[[ DATA SHOWN, beginning ]]

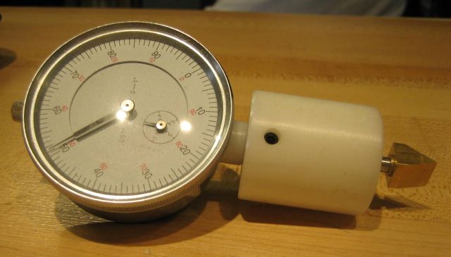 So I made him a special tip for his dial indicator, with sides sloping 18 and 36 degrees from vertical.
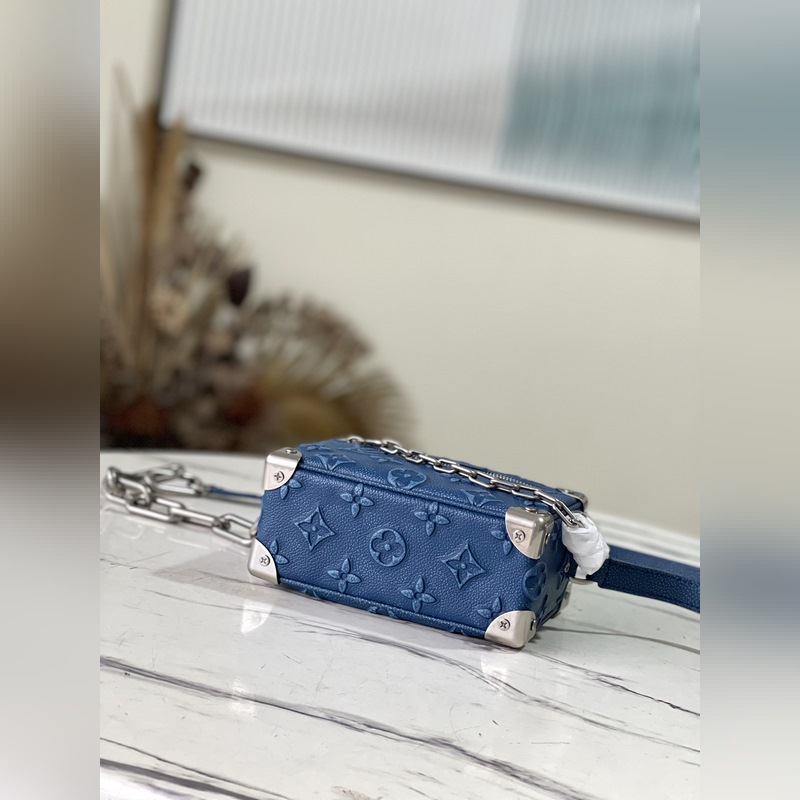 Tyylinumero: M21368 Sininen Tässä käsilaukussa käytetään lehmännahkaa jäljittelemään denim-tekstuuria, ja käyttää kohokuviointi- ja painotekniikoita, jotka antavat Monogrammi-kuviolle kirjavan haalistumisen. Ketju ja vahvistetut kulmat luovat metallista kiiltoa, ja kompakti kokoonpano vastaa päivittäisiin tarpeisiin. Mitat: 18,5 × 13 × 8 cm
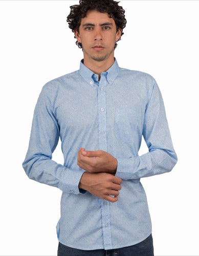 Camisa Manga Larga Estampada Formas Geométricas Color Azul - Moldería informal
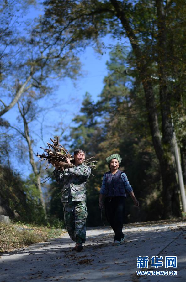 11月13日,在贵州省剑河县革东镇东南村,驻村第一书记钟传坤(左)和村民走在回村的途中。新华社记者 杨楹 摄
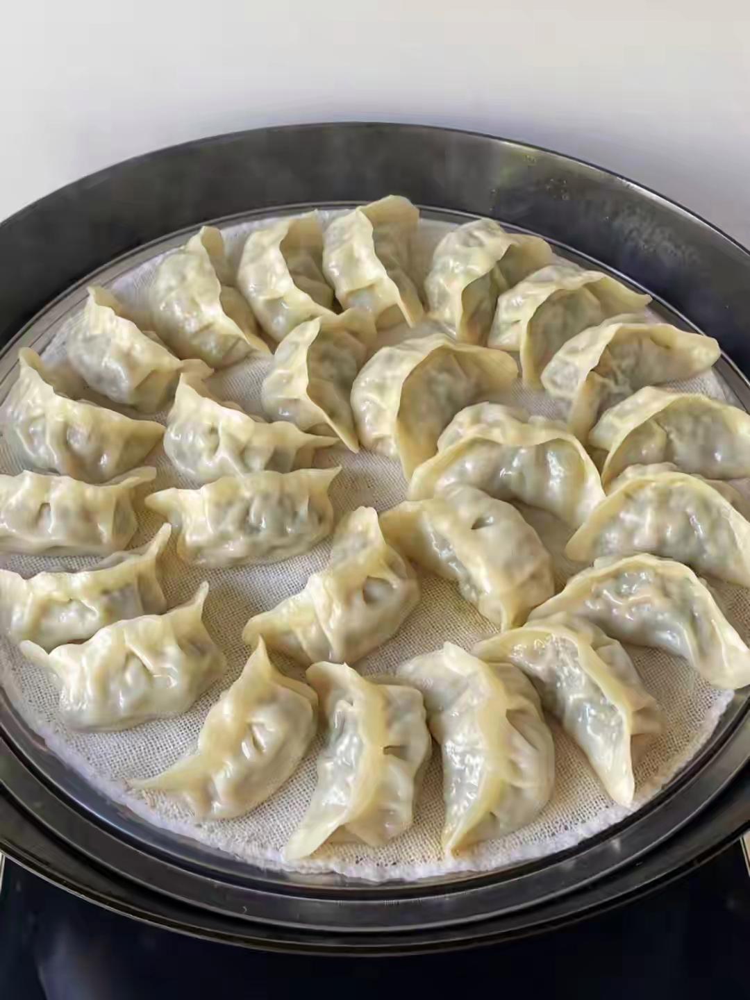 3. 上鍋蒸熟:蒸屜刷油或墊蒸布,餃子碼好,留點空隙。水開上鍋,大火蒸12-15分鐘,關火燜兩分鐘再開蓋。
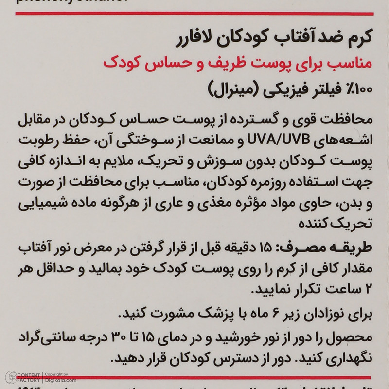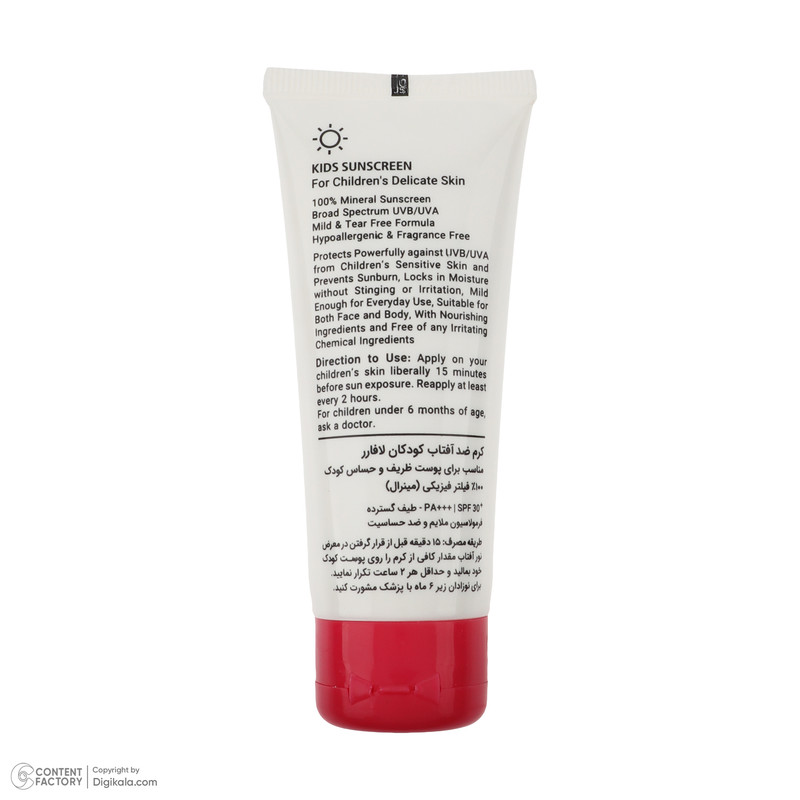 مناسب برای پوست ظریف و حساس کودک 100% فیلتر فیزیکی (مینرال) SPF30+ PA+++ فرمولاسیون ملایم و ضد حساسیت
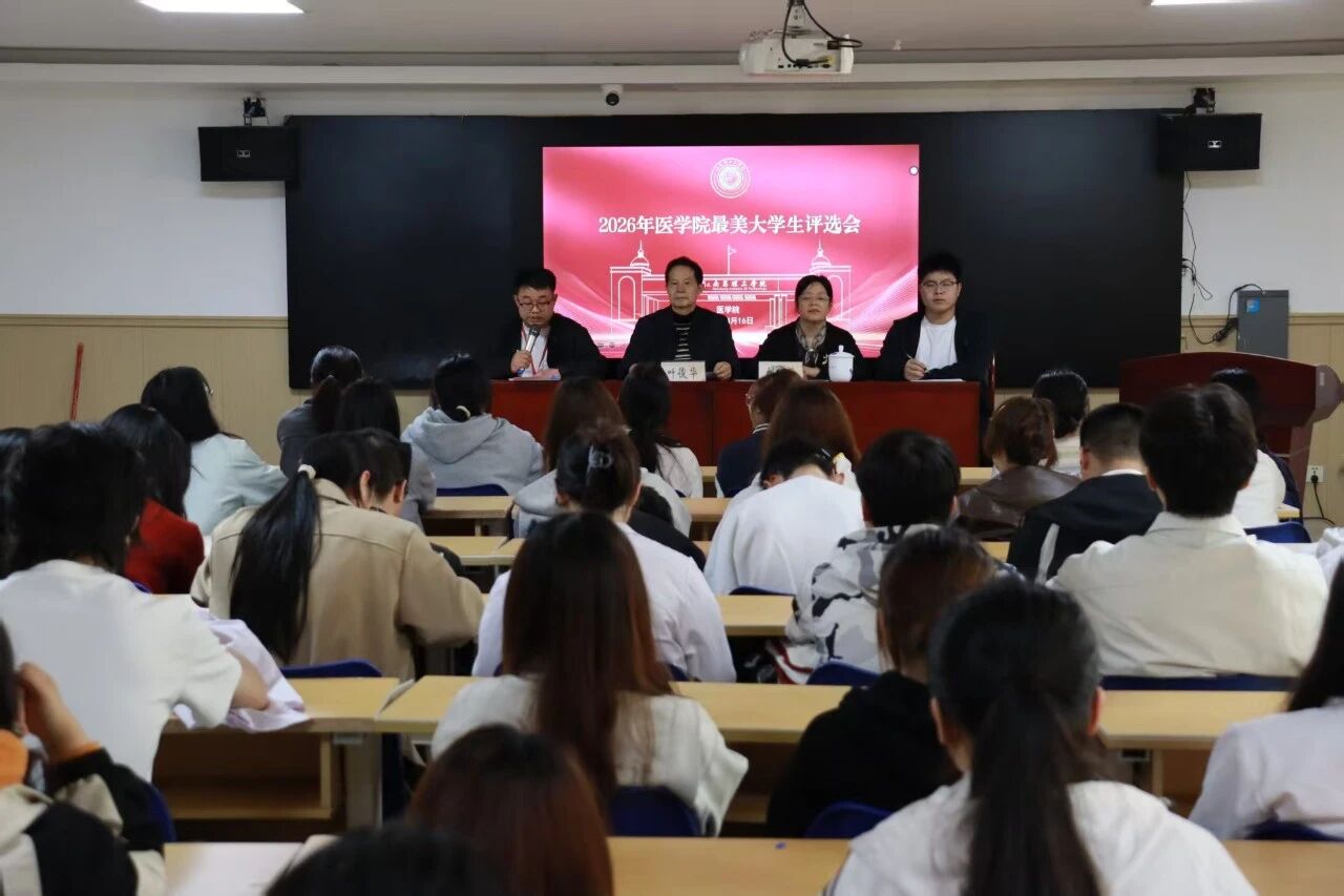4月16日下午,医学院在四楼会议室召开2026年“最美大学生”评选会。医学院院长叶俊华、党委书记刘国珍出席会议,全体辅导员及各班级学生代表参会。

[[ DATA SHOWN, end ]]
[[ DATA SHOWN, beginning ]]

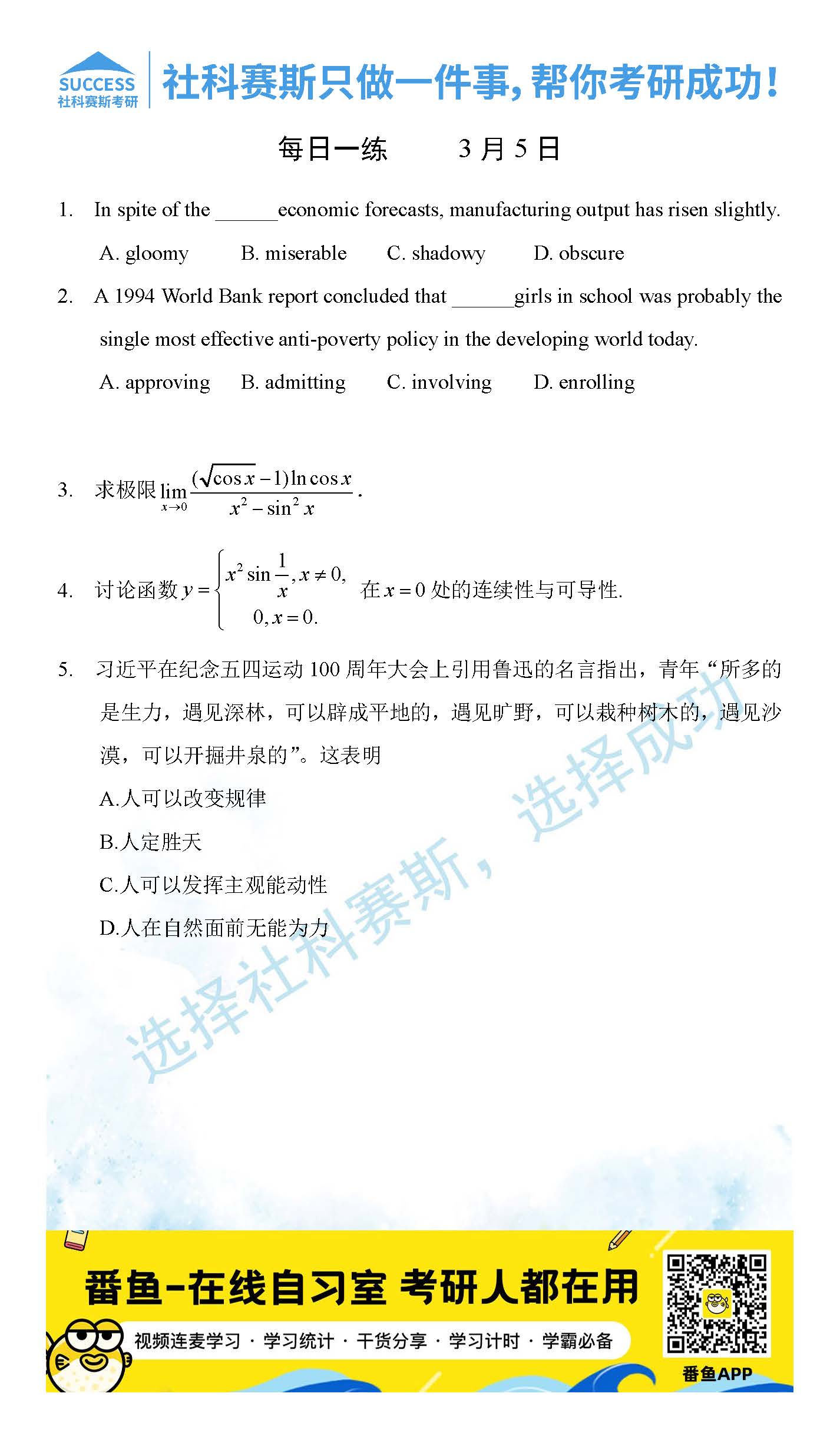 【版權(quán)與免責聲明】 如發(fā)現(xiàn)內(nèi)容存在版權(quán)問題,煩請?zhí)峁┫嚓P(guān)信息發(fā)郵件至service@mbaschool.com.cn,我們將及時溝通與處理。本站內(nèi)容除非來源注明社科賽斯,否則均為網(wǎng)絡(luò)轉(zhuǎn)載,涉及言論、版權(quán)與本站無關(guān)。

[[ DATA SHOWN, end ]]
[[ DATA SHOWN, beginning ]]

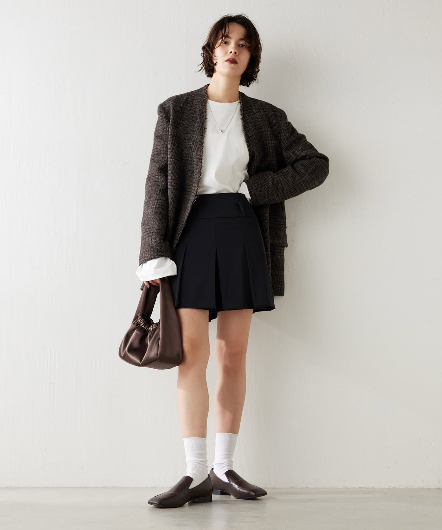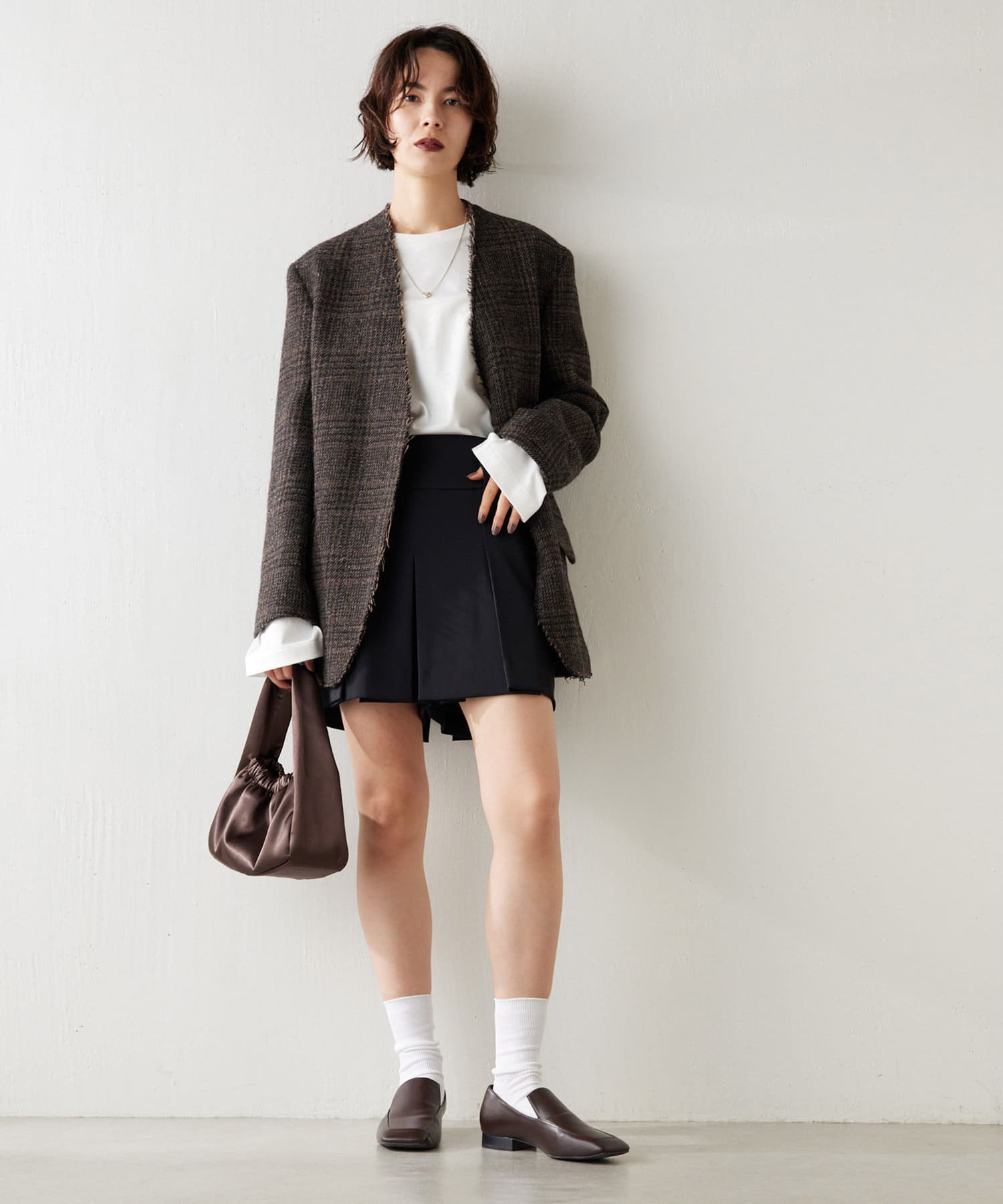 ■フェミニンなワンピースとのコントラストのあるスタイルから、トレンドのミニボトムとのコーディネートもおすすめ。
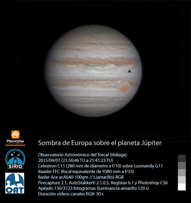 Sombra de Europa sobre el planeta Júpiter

[[ DATA SHOWN, end ]]

DIRECTIONS FOR THIS TASK: Repeat, without pictures, exactly the lines of the data above from the one containing "3. 上鍋蒸熟:蒸屜刷油或墊" through the one containing "4月16日下午,医学院在四楼", including both and adding nothing.

RESPONSE TO THIS EXERCISE:
 3. 上鍋蒸熟:蒸屜刷油或墊蒸布,餃子碼好,留點空隙。水開上鍋,大火蒸12-15分鐘,關火燜兩分鐘再開蓋。
 مناسب برای پوست ظریف و حساس کودک 100% فیلتر فیزیکی (مینرال) SPF30+ PA+++ فرمولاسیون ملایم و ضد حساسیت
4月16日下午,医学院在四楼会议室召开2026年“最美大学生”评选会。医学院院长叶俊华、党委书记刘国珍出席会议,全体辅导员及各班级学生代表参会。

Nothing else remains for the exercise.